→ What you need to do
From the first line down to the one containing "У наявності гарний", reproduce the entries below exactly and leave out the pictures.

═════ The records

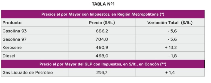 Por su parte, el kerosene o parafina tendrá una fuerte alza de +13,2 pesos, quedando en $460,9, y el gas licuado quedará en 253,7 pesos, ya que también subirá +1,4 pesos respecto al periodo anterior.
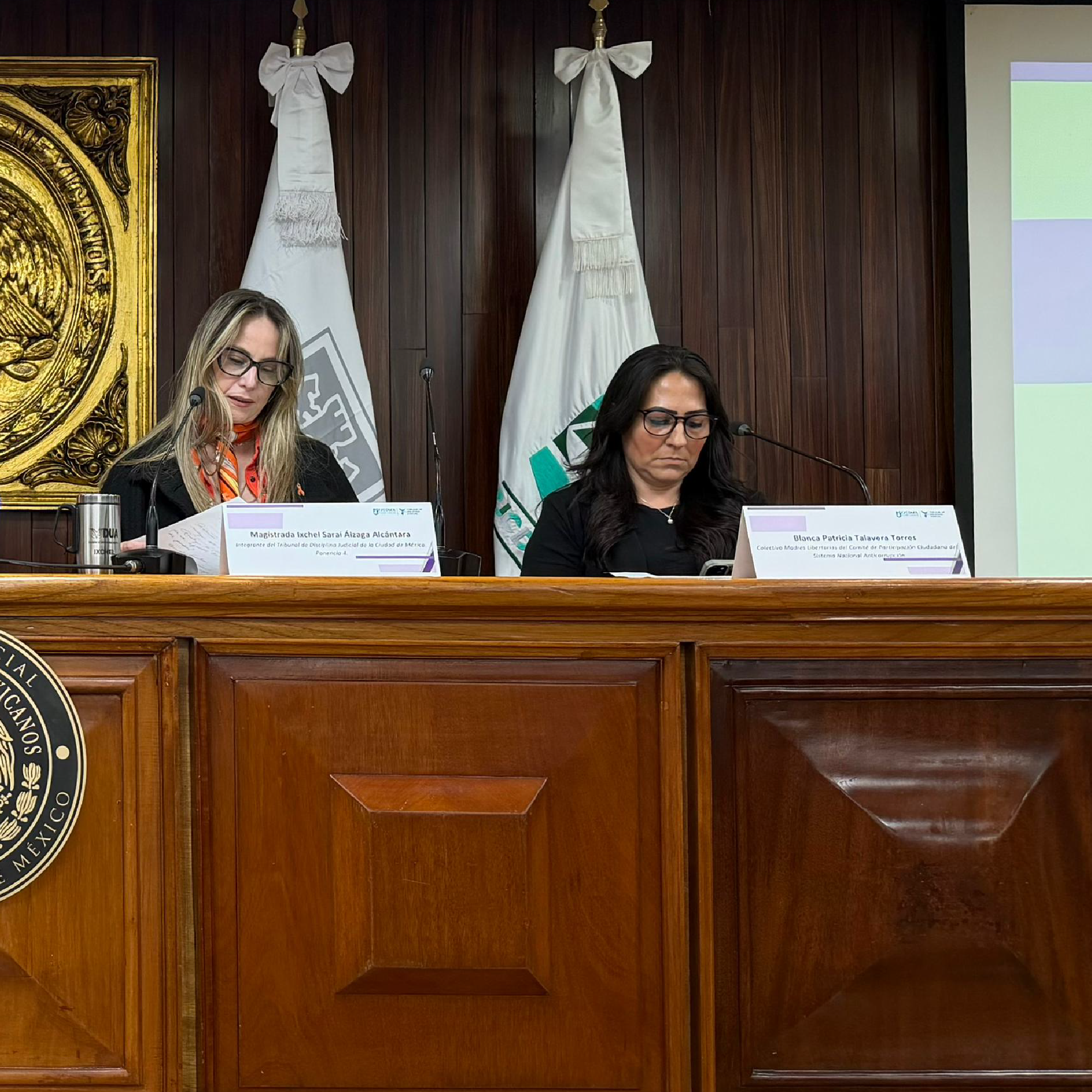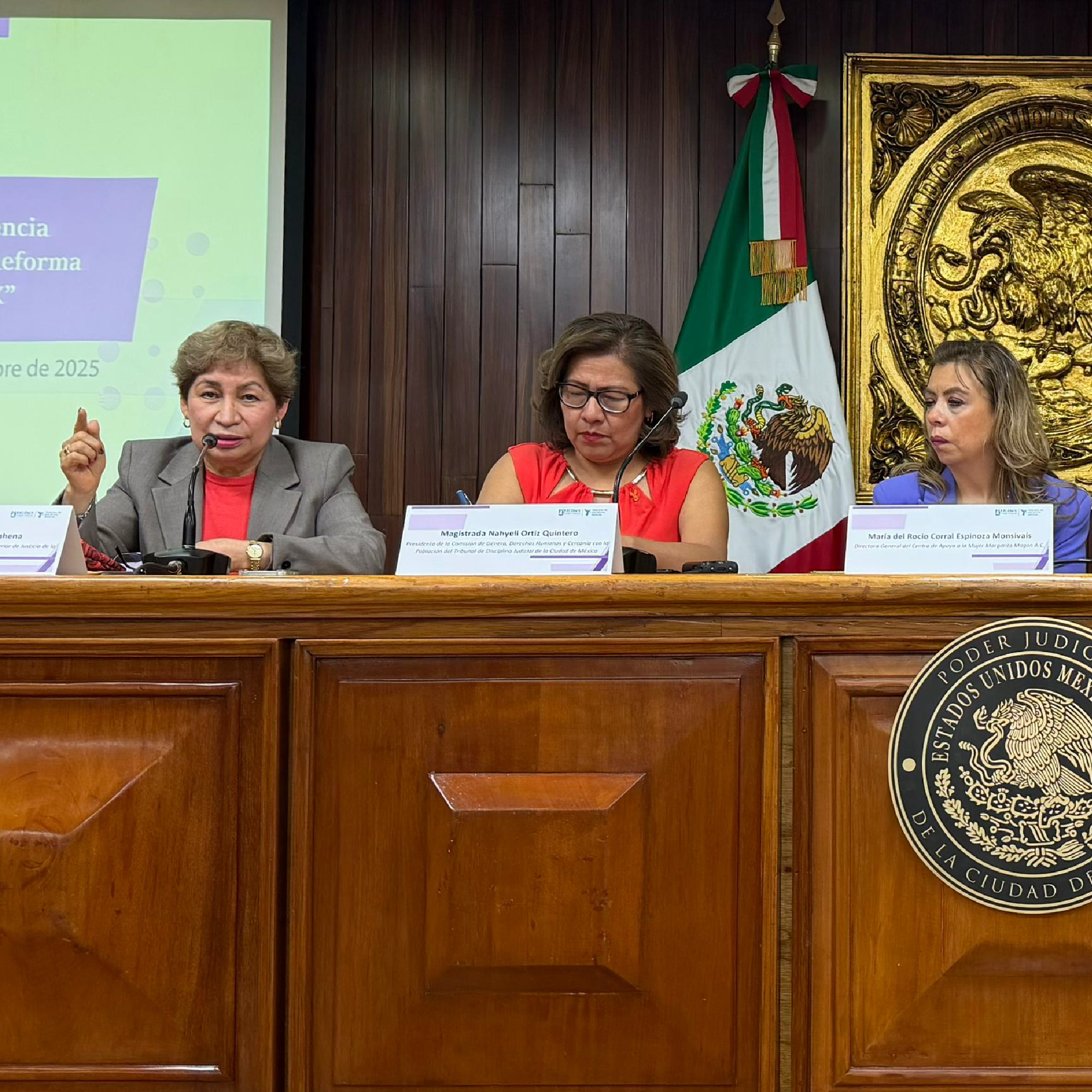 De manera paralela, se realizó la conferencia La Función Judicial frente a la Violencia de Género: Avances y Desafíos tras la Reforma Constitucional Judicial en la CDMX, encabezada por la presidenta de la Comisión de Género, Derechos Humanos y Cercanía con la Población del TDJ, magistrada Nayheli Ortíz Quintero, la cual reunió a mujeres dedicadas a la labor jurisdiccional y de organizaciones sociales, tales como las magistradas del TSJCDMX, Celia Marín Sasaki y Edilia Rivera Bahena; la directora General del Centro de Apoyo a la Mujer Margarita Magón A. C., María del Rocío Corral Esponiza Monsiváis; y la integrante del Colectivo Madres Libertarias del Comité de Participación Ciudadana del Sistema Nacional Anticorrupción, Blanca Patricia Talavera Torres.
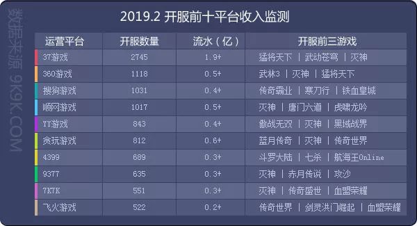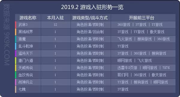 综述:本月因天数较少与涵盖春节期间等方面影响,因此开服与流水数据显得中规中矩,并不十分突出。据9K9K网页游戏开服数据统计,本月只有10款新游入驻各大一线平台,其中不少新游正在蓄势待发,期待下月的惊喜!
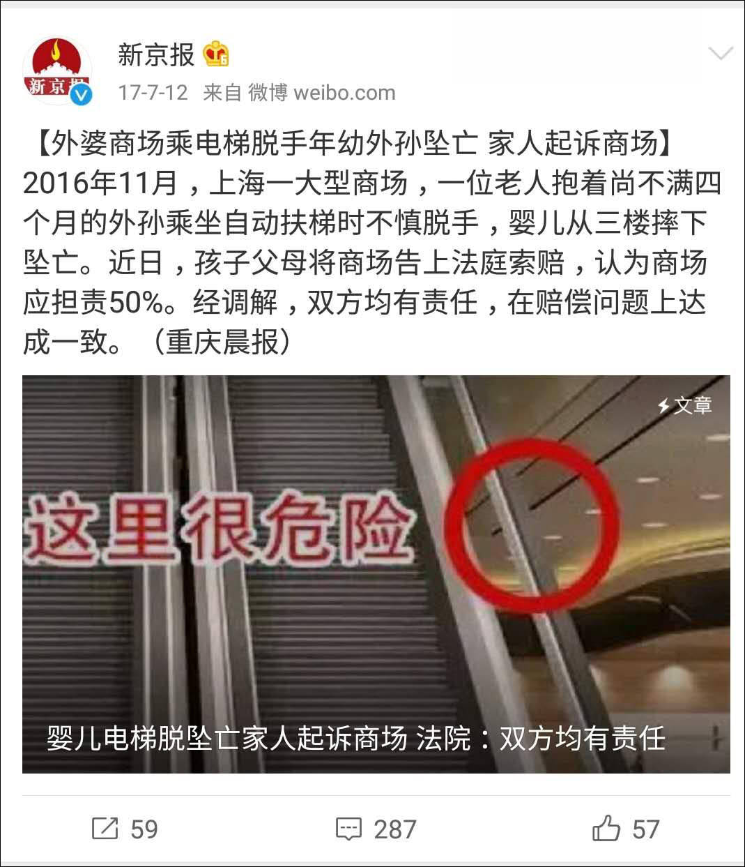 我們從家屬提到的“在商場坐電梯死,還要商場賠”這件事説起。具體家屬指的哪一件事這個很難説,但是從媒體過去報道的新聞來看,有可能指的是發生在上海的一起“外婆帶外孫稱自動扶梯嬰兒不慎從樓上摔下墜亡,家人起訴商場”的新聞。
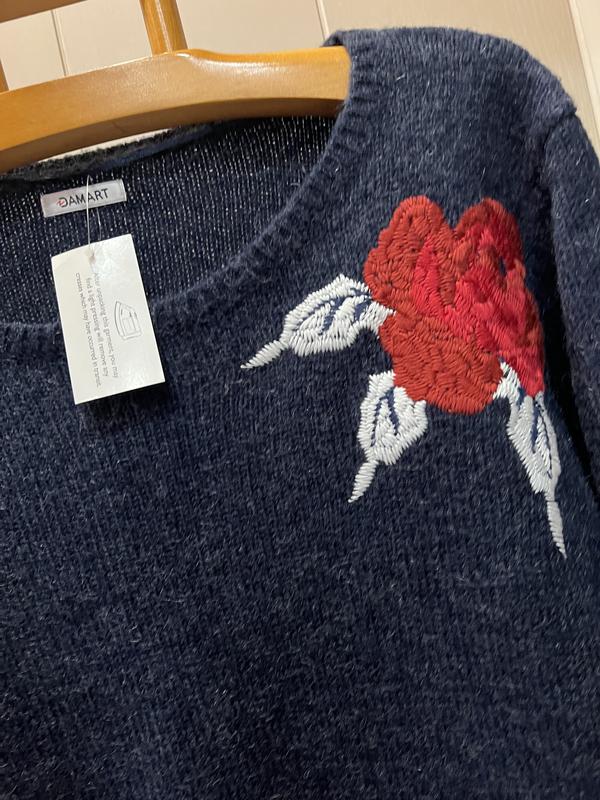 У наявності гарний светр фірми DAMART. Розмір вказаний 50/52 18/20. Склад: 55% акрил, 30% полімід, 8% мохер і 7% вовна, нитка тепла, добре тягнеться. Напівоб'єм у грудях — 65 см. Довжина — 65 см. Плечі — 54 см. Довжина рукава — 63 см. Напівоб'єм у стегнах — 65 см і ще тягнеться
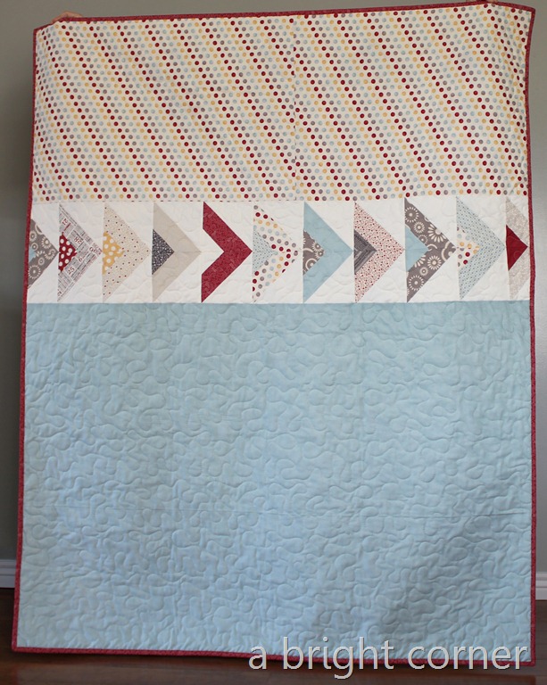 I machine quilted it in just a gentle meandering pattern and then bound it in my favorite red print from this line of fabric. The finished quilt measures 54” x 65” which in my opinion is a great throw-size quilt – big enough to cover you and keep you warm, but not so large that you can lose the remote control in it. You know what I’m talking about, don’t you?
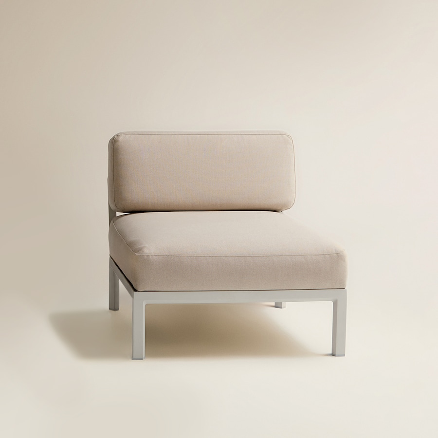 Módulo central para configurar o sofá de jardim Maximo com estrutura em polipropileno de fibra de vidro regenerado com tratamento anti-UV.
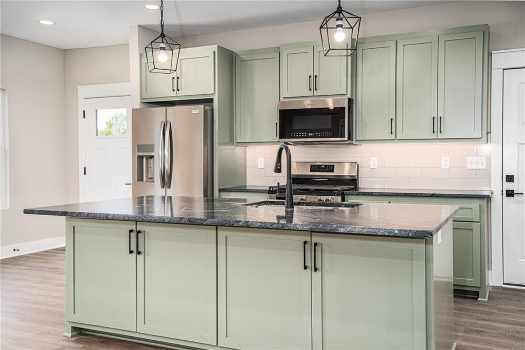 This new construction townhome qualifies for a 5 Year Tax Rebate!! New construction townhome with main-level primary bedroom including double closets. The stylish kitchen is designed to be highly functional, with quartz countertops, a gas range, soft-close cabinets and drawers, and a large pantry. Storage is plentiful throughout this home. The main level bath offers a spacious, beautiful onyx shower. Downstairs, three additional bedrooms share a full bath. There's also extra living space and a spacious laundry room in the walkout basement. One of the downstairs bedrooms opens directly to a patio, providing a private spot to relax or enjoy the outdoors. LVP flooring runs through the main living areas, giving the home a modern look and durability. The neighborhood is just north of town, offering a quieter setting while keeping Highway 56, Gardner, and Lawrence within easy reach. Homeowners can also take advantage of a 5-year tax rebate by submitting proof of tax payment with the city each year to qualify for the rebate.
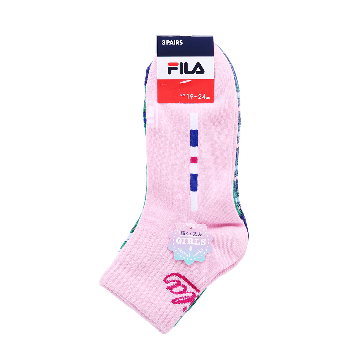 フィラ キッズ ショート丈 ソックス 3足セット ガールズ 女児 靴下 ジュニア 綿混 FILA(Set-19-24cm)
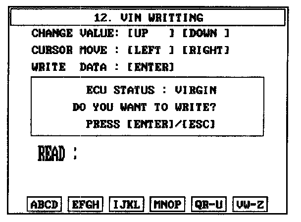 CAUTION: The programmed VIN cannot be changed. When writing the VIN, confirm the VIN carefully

══════════

→ Solution
 Por su parte, el kerosene o parafina tendrá una fuerte alza de +13,2 pesos, quedando en $460,9, y el gas licuado quedará en 253,7 pesos, ya que también subirá +1,4 pesos respecto al periodo anterior.
 De manera paralela, se realizó la conferencia La Función Judicial frente a la Violencia de Género: Avances y Desafíos tras la Reforma Constitucional Judicial en la CDMX, encabezada por la presidenta de la Comisión de Género, Derechos Humanos y Cercanía con la Población del TDJ, magistrada Nayheli Ortíz Quintero, la cual reunió a mujeres dedicadas a la labor jurisdiccional y de organizaciones sociales, tales como las magistradas del TSJCDMX, Celia Marín Sasaki y Edilia Rivera Bahena; la directora General del Centro de Apoyo a la Mujer Margarita Magón A. C., María del Rocío Corral Esponiza Monsiváis; y la integrante del Colectivo Madres Libertarias del Comité de Participación Ciudadana del Sistema Nacional Anticorrupción, Blanca Patricia Talavera Torres.
 综述:本月因天数较少与涵盖春节期间等方面影响,因此开服与流水数据显得中规中矩,并不十分突出。据9K9K网页游戏开服数据统计,本月只有10款新游入驻各大一线平台,其中不少新游正在蓄势待发,期待下月的惊喜!
 我們從家屬提到的“在商場坐電梯死,還要商場賠”這件事説起。具體家屬指的哪一件事這個很難説,但是從媒體過去報道的新聞來看,有可能指的是發生在上海的一起“外婆帶外孫稱自動扶梯嬰兒不慎從樓上摔下墜亡,家人起訴商場”的新聞。
 У наявності гарний светр фірми DAMART. Розмір вказаний 50/52 18/20. Склад: 55% акрил, 30% полімід, 8% мохер і 7% вовна, нитка тепла, добре тягнеться. Напівоб'єм у грудях — 65 см. Довжина — 65 см. Плечі — 54 см. Довжина рукава — 63 см. Напівоб'єм у стегнах — 65 см і ще тягнеться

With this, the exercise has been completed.